5.45 siamo sicuri che nessuno verrà…torniamo dal nostro amico che sta tentando di nascondersi sotto il bancone fingendo un malore.
Ci spiega che aprono alle 6.00.
Ottimo.
Allora aspettiamo.

5.50 arrivano i primi cinesi, ed abbiamo scoperto di avere dei veri superpoteri, il che ci riempie di gioia…siamo dei super eroi.
Noi,
Siamo,
Completamente,
Invisibili.
Ci passano davanti come se niente fosse, arriva la tipa del bancone, e iniziano a parlare cinese come se non ci fosse un domani.
Noi restiamo increduli dietro di loro, nemmeno nelle migliori file italiane succedono cose cosi.
Interdetti se scatenare una rissa per insegnargli come ci si comporta in fila, ci ricordiamo che Italia noi non siamo in nessun modo capaci di avere una fila ordinata, cosi decidiamo di lasciarli fare, tanto quanto vuoi che ci mettano ?

……..
…..

…..
6.40, tocca a noi.
“Hello…”
Il vuoto.
Ancora.
Quasi le lacrime.
Si inizia a mangiare le unghie, batte nervosamente sulla tastiera, fa numeri a caso sul telefono.
E dopo una serie di “hello hello hello, good morning, we have little problem”, arriva la sua collega che sa l’inglese.
Finalmente “hello”, risponde un “hello”.
Siamo a cavallo, facilissimo, tutto in discesa adesso.
“Abbiamo un piccolo problema, l’aereo è stato cancellato, potremmo prenderne un altro per favore abbiamo la conincidenza a Pechino ?”
“Certo…un attimo…ecco, non c’è.”
“Come non c’è ?”
“Non c’è.
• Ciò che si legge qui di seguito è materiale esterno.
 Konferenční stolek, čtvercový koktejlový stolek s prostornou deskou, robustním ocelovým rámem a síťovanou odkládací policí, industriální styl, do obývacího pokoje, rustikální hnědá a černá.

Potete partire domani”
“In che senso domani ? ”
Probabilmente il nostro inglese non è cosi fluente, e non abbiamo capito cosa ci ha detto, proviamo a richiedere
“Come domani ? Ma domani inteso come tra 24 ore ?”
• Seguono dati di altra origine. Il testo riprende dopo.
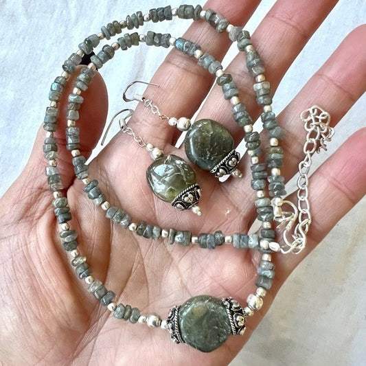 925 STUNNING! Rainbow Moonstone Necklace + Earrings Set.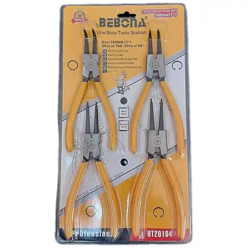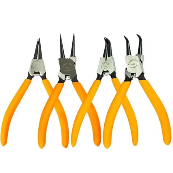 This set of internal and external snap ring/C-clip pliers features precision tips, designed for easy access to tight spaces and precise grip on small snaps. Ideal for mechanical, automotive, and professional workshop work.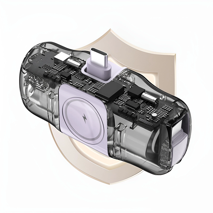 Wozinsky WF16-YCS Mini Powerbank 15W 5000mAh med inbyggd USB-C-Kabel Och Apple Watch-Laddare - Lila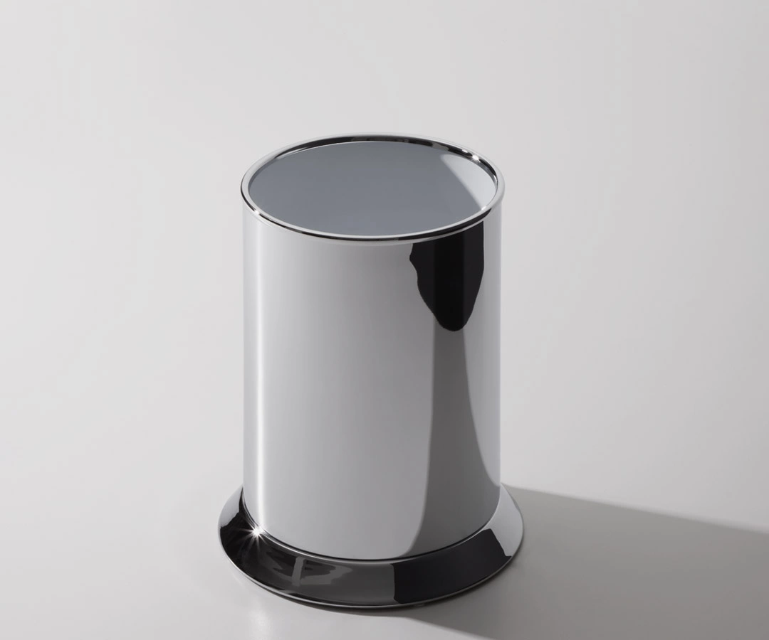 Luksusowy kosz na papier DW 35 marki Decor Walther. Wyposażony w wewnętrzny wkład. Wykonany z mosiądzu pokrytego chromem.

“Si certo. Domani, sperando che sia bel tempo”
Noi siamo piloti, tutti piloti, si sa che gli aerei volano anche con il brutto tempo, entro certi limiti, ma volano.
Come mai questi non volano?
La guardiamo con aria di sufficienza, e gli diciamo “piccola cinesina carina e innocente, forse non sai che gli aerei di linea possono volare anche con poca visibilità come questa qui fuori”
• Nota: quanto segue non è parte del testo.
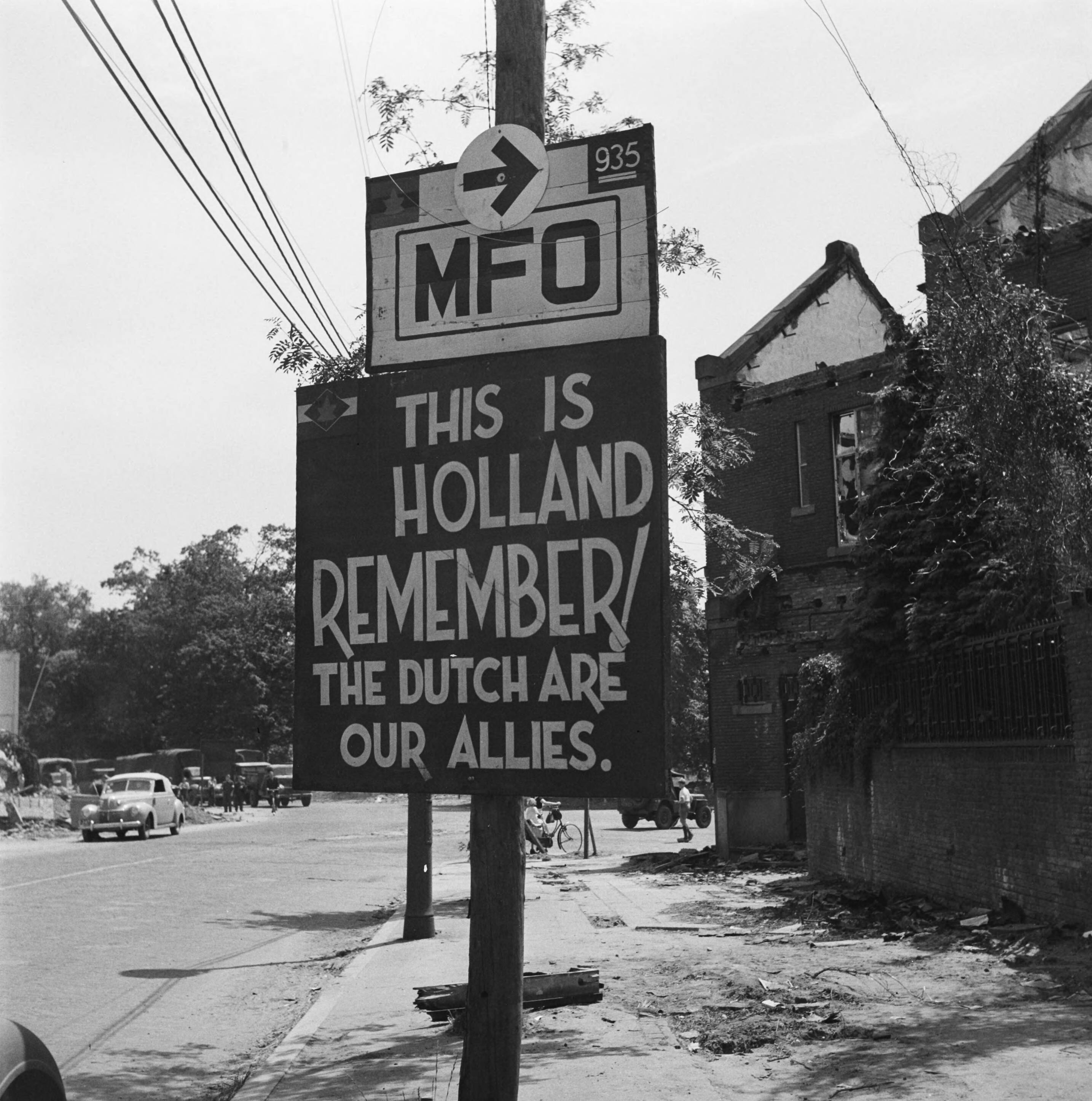 Bord met opschrift "This is Holland, REMEMBER, the Dutch are our allies".

Lei carinissima, Con occhi da cerbiatto bagnato dopo un temporale estivo, ci dice “piccoli e simpatici piloti, non ci sono aerei, possiamo tranquillamente stare qui tutto il giorno a scazzafottere (slang cinese), ma tanto non partite”
Iniziamo a sudare un attimino.
Alle 7.30 salta la prima opzione: “potete prendere un aereo, andare a Pechino, stare li, dormire, e ripartire il giorno dopo, cosi se qui è brutto, li almeno avete più speranze di tornare i Italia”
Decidiamo di fare cosi, facile.
“Perfetto, prendiamo i biglietti”.

9.40, siamo ancora li che guardiamo increduli la tipa schiacciare tasti.
Ipotizziamo una procedura per prendere il biglietto sullo schermo del computer:
“Immettere nome e cognome”
“Pippo Palla”
“Prenotazione volo…cancellare ?”
“Si”
“Scegli nuovo volo”
“Questo”
“Vuoi prenotare un posto ?”
“Si”
“Sicuro ?”
“Si”
“Immetti i dati del passaporto”
“Eccoli”
“Stampa il biglietto”
“Si”
…rumore di stampante.
fine.
Ma siccome sono passate DUE ore e siamo ancora li che guardiamo l’allegra cinesina amica della cerbiatta bagnata, ipotizziamo un’altra complessa procedura:
“Immetttere nome”
“Pippo palla”
“Prenotazione volo…cancellare ?”
“Si”
“Sicuro ?”
“Si”
“Guarda che poi questo non vola più”
“Si”
“Io te lo dico, guarda che poi si incazza con te, sicura ?”
“Si”
“Ok lo faccio, ma non te la prendere con me”
“Ok”
“Bene l’ho fatto…ma ti ricordi che ti ho detto che non volano più ?”
“Si”
“Ok conferma che ti ho detto prima quella cosa del volo”
“Confermo”
“Ok conferma che hai confermato che ti ho chiesto ”
“Ok confermo”
“Bene ora copia il codice xdghskmr56HTdjck e immettilo nel campo di destra”
“xdghskmr56hTdjck”
“Mi spiace, c’è un carattere, ma non ti posso dire quale, che è sbagliato”
“xdghskmr56hTdjck”
“niente…ne hai uno sbagliato, ti do un indizio: potrebbe essere scritto in minuscolo”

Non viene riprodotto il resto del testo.